Today, of course, with climate crises and killer viruses; with corrupt politicians and growing divisions, the world might appear to be getting darker, to taste more bitter, feel a little scarier…which is why, more than ever, we must heed Jesus’ call for us to be salt and light. To invite others into God’s kingdom and taste the divinely delicious world. To look to see where God is already at work and get stuck in. To radiate God’s grace, love and joy to a people in need of good news and, perhaps most importantly, to be people of hope.
“The people living in darkness have seen a great light,” Matthew writes in the previous chapter, showing how an ancient prophesy was being fulfilled by the preacher from Nazareth, “On those living in the land of the shadow of death a light has dawned.”

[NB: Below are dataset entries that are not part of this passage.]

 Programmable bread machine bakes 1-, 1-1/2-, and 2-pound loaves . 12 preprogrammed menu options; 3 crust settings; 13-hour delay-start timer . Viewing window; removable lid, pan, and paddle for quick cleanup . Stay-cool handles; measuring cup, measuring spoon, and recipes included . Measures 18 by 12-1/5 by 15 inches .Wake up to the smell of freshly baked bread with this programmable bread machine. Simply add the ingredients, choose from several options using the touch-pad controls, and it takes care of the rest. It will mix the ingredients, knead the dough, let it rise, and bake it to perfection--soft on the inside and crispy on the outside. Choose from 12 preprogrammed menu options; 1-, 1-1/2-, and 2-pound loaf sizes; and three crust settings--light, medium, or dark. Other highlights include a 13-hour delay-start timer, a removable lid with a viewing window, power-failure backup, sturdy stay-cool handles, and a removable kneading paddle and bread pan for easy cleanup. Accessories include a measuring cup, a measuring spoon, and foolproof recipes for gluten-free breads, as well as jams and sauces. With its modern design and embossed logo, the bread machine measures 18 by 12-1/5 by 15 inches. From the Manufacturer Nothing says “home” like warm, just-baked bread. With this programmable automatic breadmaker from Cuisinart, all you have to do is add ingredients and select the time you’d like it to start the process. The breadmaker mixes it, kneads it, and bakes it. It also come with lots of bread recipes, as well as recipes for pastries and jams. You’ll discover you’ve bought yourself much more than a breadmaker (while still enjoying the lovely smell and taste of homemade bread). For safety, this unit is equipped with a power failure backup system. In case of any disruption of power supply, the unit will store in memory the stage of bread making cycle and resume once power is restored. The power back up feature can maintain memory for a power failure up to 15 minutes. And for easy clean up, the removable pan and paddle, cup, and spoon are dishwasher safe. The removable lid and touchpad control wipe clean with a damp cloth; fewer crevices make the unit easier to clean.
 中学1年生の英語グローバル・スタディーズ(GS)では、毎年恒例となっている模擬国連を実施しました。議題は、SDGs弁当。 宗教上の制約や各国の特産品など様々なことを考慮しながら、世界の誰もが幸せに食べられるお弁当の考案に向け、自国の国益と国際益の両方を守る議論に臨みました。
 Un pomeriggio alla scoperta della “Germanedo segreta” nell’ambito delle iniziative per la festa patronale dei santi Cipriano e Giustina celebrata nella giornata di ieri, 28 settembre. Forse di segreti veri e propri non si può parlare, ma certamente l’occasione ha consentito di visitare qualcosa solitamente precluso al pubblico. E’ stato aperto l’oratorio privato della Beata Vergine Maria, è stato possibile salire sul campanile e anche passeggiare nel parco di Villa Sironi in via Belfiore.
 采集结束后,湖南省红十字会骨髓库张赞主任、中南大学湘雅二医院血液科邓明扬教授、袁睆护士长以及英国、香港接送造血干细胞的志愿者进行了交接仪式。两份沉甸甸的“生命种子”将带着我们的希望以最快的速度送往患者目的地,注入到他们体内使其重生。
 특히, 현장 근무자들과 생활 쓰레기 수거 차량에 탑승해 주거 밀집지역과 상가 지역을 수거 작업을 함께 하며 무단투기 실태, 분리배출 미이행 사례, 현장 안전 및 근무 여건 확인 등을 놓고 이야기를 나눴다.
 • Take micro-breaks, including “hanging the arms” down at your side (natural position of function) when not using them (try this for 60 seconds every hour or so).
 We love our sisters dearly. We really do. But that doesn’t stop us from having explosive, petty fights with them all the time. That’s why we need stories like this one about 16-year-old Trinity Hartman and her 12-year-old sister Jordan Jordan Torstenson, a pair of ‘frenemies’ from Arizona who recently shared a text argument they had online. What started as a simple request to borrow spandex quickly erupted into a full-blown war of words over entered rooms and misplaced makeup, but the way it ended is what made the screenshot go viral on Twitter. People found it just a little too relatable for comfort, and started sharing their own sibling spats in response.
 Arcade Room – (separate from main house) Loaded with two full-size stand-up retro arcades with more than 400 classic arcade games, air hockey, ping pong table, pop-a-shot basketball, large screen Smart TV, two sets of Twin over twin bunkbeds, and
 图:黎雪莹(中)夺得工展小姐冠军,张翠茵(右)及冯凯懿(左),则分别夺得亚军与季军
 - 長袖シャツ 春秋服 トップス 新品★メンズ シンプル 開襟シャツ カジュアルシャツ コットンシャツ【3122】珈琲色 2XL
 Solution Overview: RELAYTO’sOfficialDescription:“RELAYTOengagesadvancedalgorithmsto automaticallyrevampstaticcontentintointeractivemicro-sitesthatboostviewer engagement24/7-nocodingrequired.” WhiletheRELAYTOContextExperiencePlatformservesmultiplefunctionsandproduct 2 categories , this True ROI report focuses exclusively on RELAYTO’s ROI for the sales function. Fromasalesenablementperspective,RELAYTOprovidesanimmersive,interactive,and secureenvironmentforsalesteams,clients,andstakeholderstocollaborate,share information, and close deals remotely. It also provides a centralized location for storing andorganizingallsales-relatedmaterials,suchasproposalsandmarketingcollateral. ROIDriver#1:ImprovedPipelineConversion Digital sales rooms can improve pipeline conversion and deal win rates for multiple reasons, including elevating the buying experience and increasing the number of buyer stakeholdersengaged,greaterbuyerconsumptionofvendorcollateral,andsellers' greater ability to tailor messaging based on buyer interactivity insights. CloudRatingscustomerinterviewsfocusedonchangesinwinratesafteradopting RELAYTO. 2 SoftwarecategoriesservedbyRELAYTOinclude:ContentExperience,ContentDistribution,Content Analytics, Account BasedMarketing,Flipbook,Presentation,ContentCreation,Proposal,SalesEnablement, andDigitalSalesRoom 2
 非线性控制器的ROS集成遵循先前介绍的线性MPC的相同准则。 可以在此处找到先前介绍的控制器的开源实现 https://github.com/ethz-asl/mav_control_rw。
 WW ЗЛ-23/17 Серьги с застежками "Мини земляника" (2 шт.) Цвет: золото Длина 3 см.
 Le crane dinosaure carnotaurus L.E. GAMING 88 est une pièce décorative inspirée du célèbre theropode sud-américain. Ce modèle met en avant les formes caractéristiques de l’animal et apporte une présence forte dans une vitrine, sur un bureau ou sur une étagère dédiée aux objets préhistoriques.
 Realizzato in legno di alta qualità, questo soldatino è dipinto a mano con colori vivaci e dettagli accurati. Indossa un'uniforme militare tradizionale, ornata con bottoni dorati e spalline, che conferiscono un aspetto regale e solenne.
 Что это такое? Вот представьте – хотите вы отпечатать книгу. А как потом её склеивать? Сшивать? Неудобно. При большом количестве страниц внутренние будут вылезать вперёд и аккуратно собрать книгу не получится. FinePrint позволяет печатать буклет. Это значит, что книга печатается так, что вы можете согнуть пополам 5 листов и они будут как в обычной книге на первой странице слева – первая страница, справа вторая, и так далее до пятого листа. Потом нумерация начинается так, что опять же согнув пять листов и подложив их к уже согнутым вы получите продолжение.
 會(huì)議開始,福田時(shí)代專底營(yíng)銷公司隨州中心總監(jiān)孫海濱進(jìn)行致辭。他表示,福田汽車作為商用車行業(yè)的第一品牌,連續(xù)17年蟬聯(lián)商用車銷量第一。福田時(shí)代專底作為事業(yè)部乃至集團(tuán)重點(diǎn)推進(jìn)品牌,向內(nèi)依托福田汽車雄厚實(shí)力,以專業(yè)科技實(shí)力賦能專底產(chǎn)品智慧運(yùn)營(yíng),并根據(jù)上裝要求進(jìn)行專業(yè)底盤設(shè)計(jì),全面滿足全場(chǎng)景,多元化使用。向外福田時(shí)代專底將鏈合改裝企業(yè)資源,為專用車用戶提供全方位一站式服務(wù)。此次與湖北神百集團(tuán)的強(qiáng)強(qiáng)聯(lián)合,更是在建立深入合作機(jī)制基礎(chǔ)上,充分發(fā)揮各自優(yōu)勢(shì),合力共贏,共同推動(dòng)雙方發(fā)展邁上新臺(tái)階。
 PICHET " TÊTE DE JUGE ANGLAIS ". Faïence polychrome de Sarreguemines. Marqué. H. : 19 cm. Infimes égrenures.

That light was the light of hope. The light that said God had not abandoned those in need. The light that said that nothing – nothing today or tomorrow, high or low, thinkable or unthinkable – that nothing – no personal scandal, no national calamity, no global crisis – that not even death itself can get between us and God’s love because of the way that Jesus has embraced us. That is the light which Jesus called his disciples then, and calls us here today, to keep radiating. With God’s help, let’s shine! Amen.